Summary module description:
This module continues the study of analysis to the point where it relates to topics studied in other courses, such as integration and differentiation.

Aims:
To introduce students to rigorous analysis, enable them to relate this to calculus and demonstrate that analysis can produce some worthwhile results which calculus cannot.

Assessable learning outcomes:
By the end of the module students are expected to be able to:

- use the ideas of integration and differentiation in a rigorous way

- manipulate infinite series and apply them in problems involving differentiation and integration

- understand that there are situations in which the order of limiting operations may not be inverted, and justify some simple cases where the inversion is legitimate.

Students will encounter situations where existence and uniqueness of solutions may be proved where the solutions cannot be expressed explicitly.

Outline content:
This module continues the study of analysis to the point where it relates to topics studied in other courses, such as integration and differentiation. Some of this material is just the logical underpinning of the results one would expect, but there are some surprises. This is particularly evident in the section on uniform convergence, where attention is given to interchanging the order of limiting processes, a useful technique but one which is not always valid. The course will conclude with some applications of analysis to other areas producing results which could not be obtained without the use of analysis.

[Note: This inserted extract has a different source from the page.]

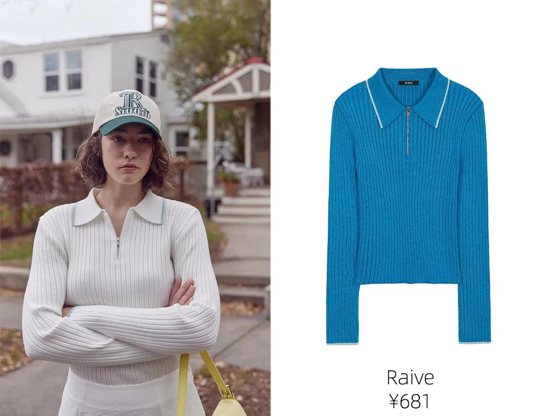 有半拉鍊的翻領修身針織,這種經典單品不易出錯,可塑性很強,配個棒球帽還很不一樣。

Brief description of teaching and learning methods:
Lectures, supported by problem sheets and lecture-based tutorials.

Contact hours:
 Autumn Spring Summer Lectures 20 2 Tutorials 10 Guided independent study: 68 Total hours by term 98 2 Total hours for module

Summative Assessment Methods:
 Method Percentage Written exam 80 Set exercise 20

Summative assessment- Examinations:
2 hours

Summative assessment- Coursework and in-class tests:
Assignments and one examination paper.

Formative assessment methods:
Problem sheets

Penalties for late submission:

The Support Centres will apply the following penalties for work submitted late:

• where the piece of work is submitted after the original deadline (or any formally agreed extension to the deadline): 10% of the total marks available for that piece of work will be deducted from the mark for each working day (or part thereof) following the deadline up to a total of five working days;
• where the piece of work is submitted more than five working days after the original deadline (or any formally agreed extension to the deadline): a mark of zero will be recorded.
The University policy statement on penalties for late submission can be found at: http://www.reading.ac.uk/web/FILES/qualitysupport/penaltiesforlatesubmission.pdf
You are strongly advised to ensure that coursework is submitted by the relevant deadline. You should note that it is advisable to submit work in an unfinished state rather than to fail to submit any work.

Assessment requirements for a pass:
A mark of 40% overall.

Reassessment arrangements:
One examination paper of 2 hours duration in August/September - the resit module mark will be the higher of the exam mark (100% exam) and the exam mark plus previous coursework marks (80% exam, 20% coursework).